### TASK STATEMENT
Make an exact copy of the data below, leaving out every picture.
>>>>>
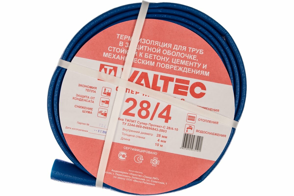 Трубная теплоизоляция VALTEC Супер Протект в синей оболочке 28/4 бухта 10м
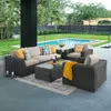 The Laguna Collection is a casual contemporary outdoor patio collection with a tightly woven, wicker design, for a transitional look that won't go out of style. Each piece in this 4 piece sofa group are comprised of handwoven, large synthetic strands of resin wicker over a powder-coated aluminum frame. The sofa and club chairs feature wide, straight arms and textilene seat suspension. The textilene material's flexibility and sturdiness make it a comfortable material for seating. The coffee table features a wide, woven frame and a glass top for a smooth top.
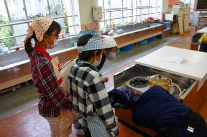 自分たちでもご飯が炊けましたね!給食のおかずと一緒にいただきました。
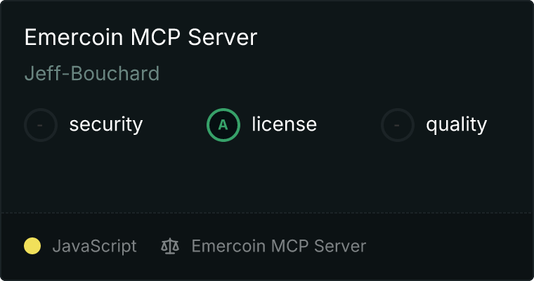 curl -X GET 'https://glama.ai/api/mcp/v1/servers/Jeff-Bouchard/emercoin-mcp-server'
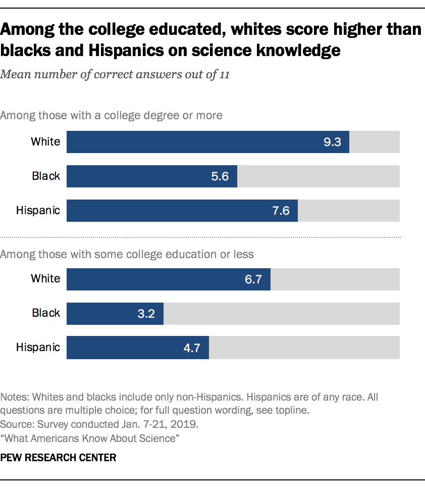 The problem here is the same as in my last blogpost (Whose benefit of the doubt?). If groups differ in some hard to measure characteristics, and all you know about them is the CV, a noisy measure, then it is rational to prefer the person from the higher achieving group given identical CVs (‘individuating information’ in Jussim’s terminology). We can illustrate this by using educational attainment and IQ scores. Pew Research has this result concerning science knowledge:
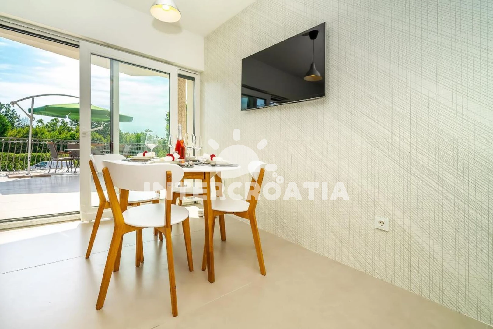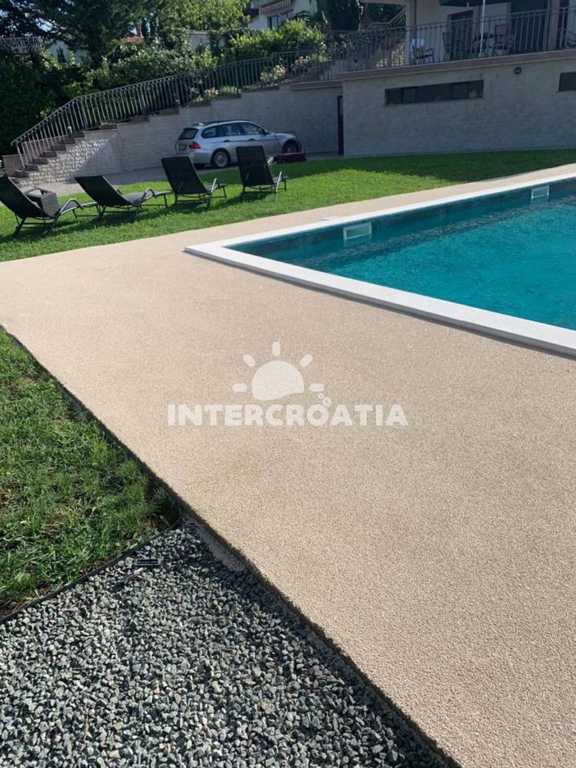 Apartmán se nachází 3900 m od moře a pláže. Pláž je oblázková a betonové desky. Apartmán disponuje bazénem s lehátky pro ubytované hosty. U objektu je k dispozici společná zahrada s posezením a grilem. Parkování je před domem.
<<<<<
### SOLUTION
 Трубная теплоизоляция VALTEC Супер Протект в синей оболочке 28/4 бухта 10м
 The Laguna Collection is a casual contemporary outdoor patio collection with a tightly woven, wicker design, for a transitional look that won't go out of style. Each piece in this 4 piece sofa group are comprised of handwoven, large synthetic strands of resin wicker over a powder-coated aluminum frame. The sofa and club chairs feature wide, straight arms and textilene seat suspension. The textilene material's flexibility and sturdiness make it a comfortable material for seating. The coffee table features a wide, woven frame and a glass top for a smooth top.
 自分たちでもご飯が炊けましたね!給食のおかずと一緒にいただきました。
 curl -X GET 'https://glama.ai/api/mcp/v1/servers/Jeff-Bouchard/emercoin-mcp-server'
 The problem here is the same as in my last blogpost (Whose benefit of the doubt?). If groups differ in some hard to measure characteristics, and all you know about them is the CV, a noisy measure, then it is rational to prefer the person from the higher achieving group given identical CVs (‘individuating information’ in Jussim’s terminology). We can illustrate this by using educational attainment and IQ scores. Pew Research has this result concerning science knowledge:
 Apartmán se nachází 3900 m od moře a pláže. Pláž je oblázková a betonové desky. Apartmán disponuje bazénem s lehátky pro ubytované hosty. U objektu je k dispozici společná zahrada s posezením a grilem. Parkování je před domem.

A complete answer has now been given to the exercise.